Letter, Opinion

Religious schools and public money

Dear Editor,

I wish to agree with Rebecca Holcombe’s views about religious schools taking public money on the basis of “nondiscrimination” for a religious school, while those schools not only discriminate, as the Grace School in the article does in a heinous manner, denying gay people’s humanity as they do, but have traditionally been allowed to do much more “their way.”

I refer to staff members who would never meet public school qualifications, and some of whom have been caught in some serious improprieties (usually sexual) that would get a public school teacher fired.
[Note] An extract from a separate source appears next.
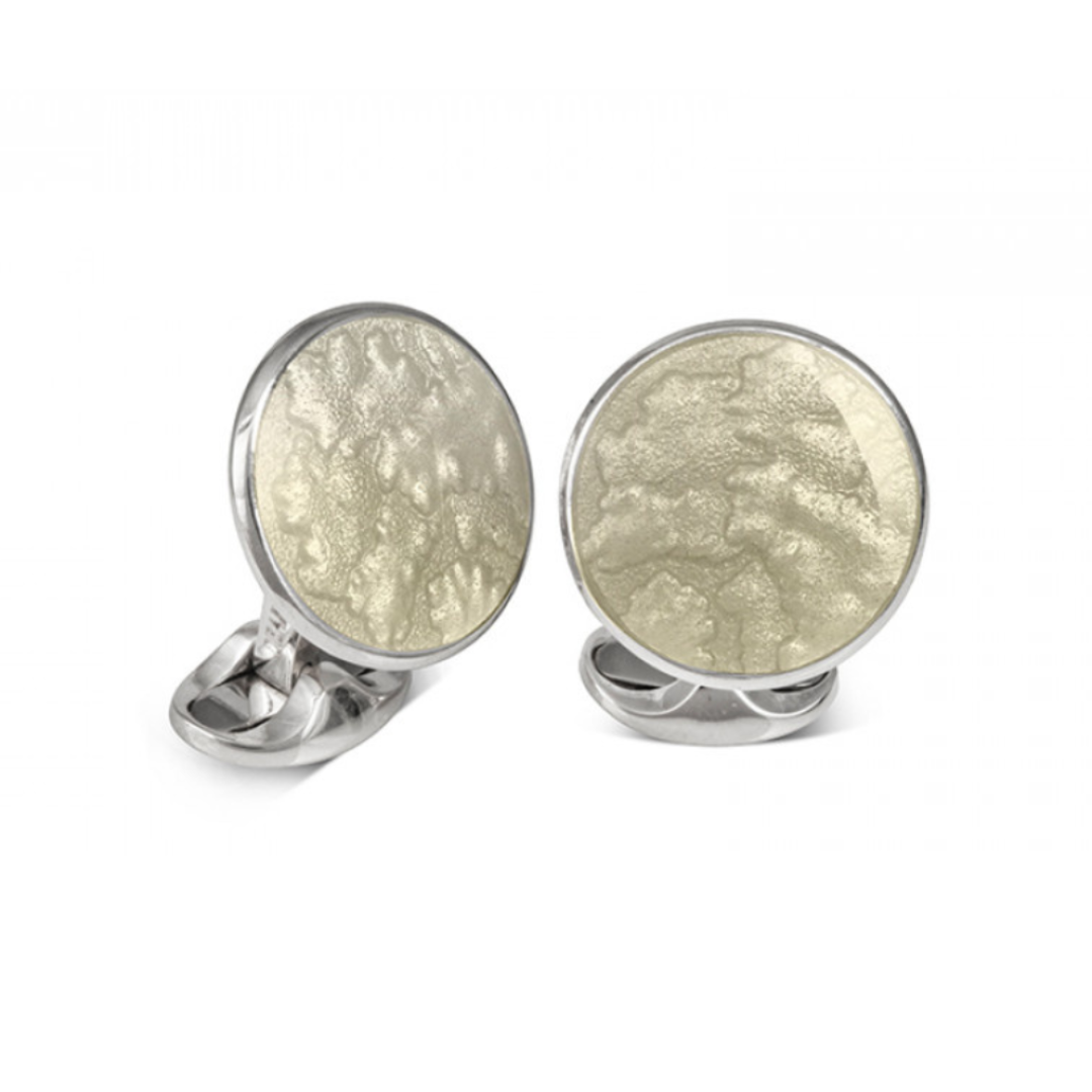 Capturing the hazy skies of the beautiful British landscapes our hazy collection is inspired by the colour palette of the quintessentially British seasons. With inspiration taken from John Constables 1822 'Cloud Study', the colours, movements and textures of a swirling English sky has been bought to life within this stunning, British made dress stud set. Beautifully hand-enamelled in a light grey colour, the organic and natural lines allow the vitreous enamel to show off its density, texture, tone and brightness. And, just like a real summers sky, as the light changes on these cufflinks you will see different tones shimmer and shine. Entirely hand-made, the grey swirling pattern sits harmoniously within a classic, round sterling silver setting. The set contains a pair of cufflinks and four dress studs.
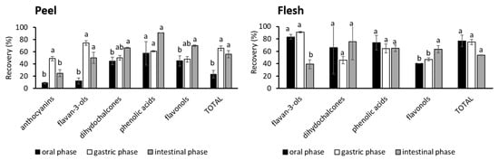 Recovery of phenolic classes from peel and flesh after oral, gastric, and intestinal phases of digestion. The values with different letters are significantly different according to the post-hoc Tukey test (p < 0.05), with letters a to b ordered from highest to lowest.

It’s always galling to me to see a big black headline about a “teacher” caught in a sexual relationship with a student or some such thing, only to read that the “teacher” was working in a private (mostly religious) school where qualifications for the job are often quite lax.

Public school teachers routinely jump through multiple hoops to stay qualified. Many have master’s degrees at least, and are well qualified in whatever field they specialize. Not so with religious schools. 

Then there is the question of other discrimination. Students with drug problems? Boot them out. Students who criticize anything remotely connected to the school’s religious policies and proclamations? Boot them out, too. Sexual impropriety among students? There’s the door, especially for any female caught getting pregnant. Those with severe special education needs? Don’t let them in in the first place. Let public schools deal with the problems.

Certainly not all religious schools are guilty of all these criticisms, but that they hide behind the First Amendment when it suits them to pick and choose which public school requirements to abide by — if any — is pure hypocrisy when they then expect the public to pay their bills.

There! I’ve said what has bothered me about this issue for decades, including the last year of my teaching in public school when a student had been kicked out of a local Catholic high school for drug-related problems and ended up in my classroom, where he routinely flouted my basic classroom rules. I was told I had to deal with him. Period. Thanks for the forum.